RE: [PATCH] 2.4.6-pre2 page_launder() improvements

From: "Alok K. Dhir" <alok@dhir.net>
To: "'Rik van Riel'" <riel@conectiva.com.br>
Cc: <linux-kernel@vger.kernel.org>
Subject: RE: [PATCH] 2.4.6-pre2 page_launder() improvements
Date: Wed, 13 Jun 2001 00:42:45 -0400	[thread overview]
Message-ID: <000e01c0f3c3$4a71fb10$1e01a8c0@dhir.net> (raw)
In-Reply-To: <Pine.LNX.4.33.0106100128100.4239-100000@duckman.distro.conectiva>

Are these page_launder improvements included in 2.4.6-pre3?  Linus
mentions "VM tuning has also happened" in the announcement - but there
doesn't seem to be mention of it in his list of changes from -pre2...

Thanks

> -----Original Message-----
> From: linux-kernel-owner@vger.kernel.org 
> [mailto:linux-kernel-owner@vger.kernel.org] On Behalf Of Rik van Riel
> Sent: Sunday, June 10, 2001 12:41 AM
> To: linux-mm@kvack.org
> Cc: linux-kernel@vger.kernel.org
> Subject: [PATCH] 2.4.6-pre2 page_launder() improvements
> 
> 
> [Request For Testers ... patch below]
> 
> Hi,
> 
> during my holidays I've written the following patch 
> (forward-ported to 2.4.6-pre2 and improved a tad today), 
> which implements these improvements to page_launder():
> 
> 1) don't "roll over" inactive_dirty pages to the back of the
>    list, but reclaim them in something more resembling LRU
>    order;  this is especially good when the system has tons
>    of inactive_dirty pages due to eg. background scanning
> 
> 2) eliminate the infinite penalty clean pages had over dirty
>    pages by not scanning the complete inactive_dirty list and
>    letting real dirty pages build up near the front of the
>    list ... we flush them asynchronously when we have enough
>    of them
> 
> 3) when going into the launder_loop, we scan a larger fraction
>    of the inactive_dirty list; under most workloads this means
>    we can always flush the dirty pages asynchronously because
>    we'll have clean, freeable pages in the part of the list we
>    only scan in the launder_loop
> 
> 4) when we have only dirty pages and cannot free pages, we
>    remember this for the next run of page_launder() and won't
>    waste CPU by scanning pages without flushing them in the
>    launder loop (after maxlaunder goes negative)
> 
> 5) this same logic is used to control when we use synchronous
>    IO; only when we cannot free any pages now do we wait on
>    IO, this stops kswapd CPU wastage under heavy write loads
> 
> 6) the "sync" argument to page_launder() now means whether
>    we're _allowed_ to do synchronous IO or not ... page_launder()
>    is now smart enough to determine if we should use asynchronous
>    IO only or if we should wait on IO
> 
> This patch has given excellent results on my laptop and my 
> workstation here and seems to improve kernel behaviour in 
> tests quite a bit.

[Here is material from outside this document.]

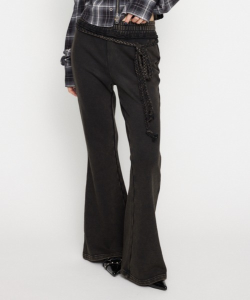 ■POINT:ムラ感ある加工がLAGUA GEMらしいスウェットパンツ。 ■DETAIL:タイトめなフレアシルエットで美脚効果が期待できます。 共地で編まれた紐をお好みで腰に巻いて着用して頂けます。 ■STYLING:ルーズなシルエットのトップスやチュニックなど、バランスを取るスタイリングがおすすめ。 ■透け感:なし ■光沢感:なし ■伸縮性:あり ■裏 地:なし ONE&ONLY ITEM 1点1点色合い、風合いや表情が異なります。この製品の特徴です。 【カラー:BLKにアテンション有り】 本品は素材の特性上色落ちします。 洗濯、クリーニング、着用(使用)時に他の衣類や雑貨、家具類に色移りする事があります。 特に汗や雨等で湿った状態では、色落ちが顕著になります。 白、淡色との組み合わせは避け、お取り扱いには十分ご注意下さい _____________________ LAGUA GEM(ラグア ジェム) ー媚びない強さとしなやかな女性らしさが共存するスタイルー カジュアルなアイテムにストリート&ヴィンテージテイストをミックス メンズライクになりすぎない女性らしさとバランス感のある着こなしにこだわった新しいカジュアルスタイルを提案 _____________________ ▼商品のお気に入り登録 お気に入りアイテムの値下げ・再入荷・在庫1点などの通知を受け取ることができます。 ▼ブランドのお気に入り 登録新商品や再入荷、セール、クーポン配布などお得な情報を受け取ることができます。 AUTUMN & WINTER ( 秋服 / 冬服 )

I can play mp3's unbuffered during 
> moderate write loads or moderately heavy IO ;)
> 
> YMMV, please test it. If it works great for everybody I'd 
> like to get this improvement merged into the next -pre kernel.
> 
> regards,
> 
> Rik
> --
> Linux MM bugzilla: http://linux-mm.org/bugzilla.shtml
> 
> Virtual memory is like a game you can't win;
> However, without VM there's truly nothing to lose...
> 
> 		http://www.surriel.com/
> http://www.conectiva.com/	http://distro.conectiva.com/
> 
> 
> diff -ur linux-2.4.6-pre2-virgin/include/linux/mm.h 
> linux-2.4.6-pre2/include/linux/mm.h
> --- linux-2.4.6-pre2-virgin/include/linux/mm.h	Sun Jun 
> 10 00:44:01 2001
> +++ linux-2.4.6-pre2/include/linux/mm.h	Sat Jun  9 23:19:54 2001
> @@ -169,6 +169,7 @@
>  #define PG_inactive_clean	11
>  #define PG_highmem		12
>  #define PG_checked		13	/* kill me in 2.5.<early>. */
> +#define PG_marker		14
>  				/* bits 21-29 unused */
>  #define PG_arch_1		30
>  #define PG_reserved		31
> @@ -242,6 +243,9 @@
>  #define PageInactiveClean(page)	
> test_bit(PG_inactive_clean, &(page)->flags)
>  #define SetPageInactiveClean(page)	
> set_bit(PG_inactive_clean, &(page)->flags)
>  #define ClearPageInactiveClean(page)	
> clear_bit(PG_inactive_clean, &(page)->flags)
> +
> +#define PageMarker(page)	test_bit(PG_marker, &(page)->flags)
> +#define SetPageMarker(page)	set_bit(PG_marker, &(page)->flags)
> 
>  #ifdef CONFIG_HIGHMEM
>  #define PageHighMem(page)		test_bit(PG_highmem, 
> &(page)->flags)
> diff -ur linux-2.4.6-pre2-virgin/include/linux/swap.h 
> linux-2.4.6-pre2/include/linux/swap.h
> --- linux-2.4.6-pre2-virgin/include/linux/swap.h	Sun Jun 
> 10 00:44:01 2001
> +++ linux-2.4.6-pre2/include/linux/swap.h	Sat Jun  9 23:19:54 2001
> @@ -205,6 +205,16 @@
>  	page->zone->inactive_dirty_pages++; \
>  }
> 
> +/* Like the above, but add us after the bookmark. */
> +#define add_page_to_inactive_dirty_list_marker(page) { \
> +	DEBUG_ADD_PAGE \
> +	ZERO_PAGE_BUG \
> +	SetPageInactiveDirty(page); \
> +	list_add(&(page)->lru, marker_lru); \
> +	nr_inactive_dirty_pages++; \
> +	page->zone->inactive_dirty_pages++; \
> +}
> +
>  #define add_page_to_inactive_clean_list(page) { \
>  	DEBUG_ADD_PAGE \
>  	ZERO_PAGE_BUG \
> diff -ur linux-2.4.6-pre2-virgin/mm/vmscan.c 
> linux-2.4.6-pre2/mm/vmscan.c
> --- linux-2.4.6-pre2-virgin/mm/vmscan.c	Sun Jun 10 00:44:02 2001
> +++ linux-2.4.6-pre2/mm/vmscan.c	Sun Jun 10 00:57:25 2001
> @@ -407,7 +407,7 @@
>  /**
>   * page_launder - clean dirty inactive pages, move to 
> inactive_clean list
>   * @gfp_mask: what operations we are allowed to do
> - * @sync: should we wait synchronously for the cleaning of pages
> + * @sync: are we allowed to do synchronous IO in emergencies ?
>   *
>   * When this function is called, we are most likely low on free +
>   * inactive_clean pages. Since we want to refill those pages 
> as @@ -428,20 +428,54 @@
>  #define CAN_DO_BUFFERS		(gfp_mask & __GFP_BUFFER)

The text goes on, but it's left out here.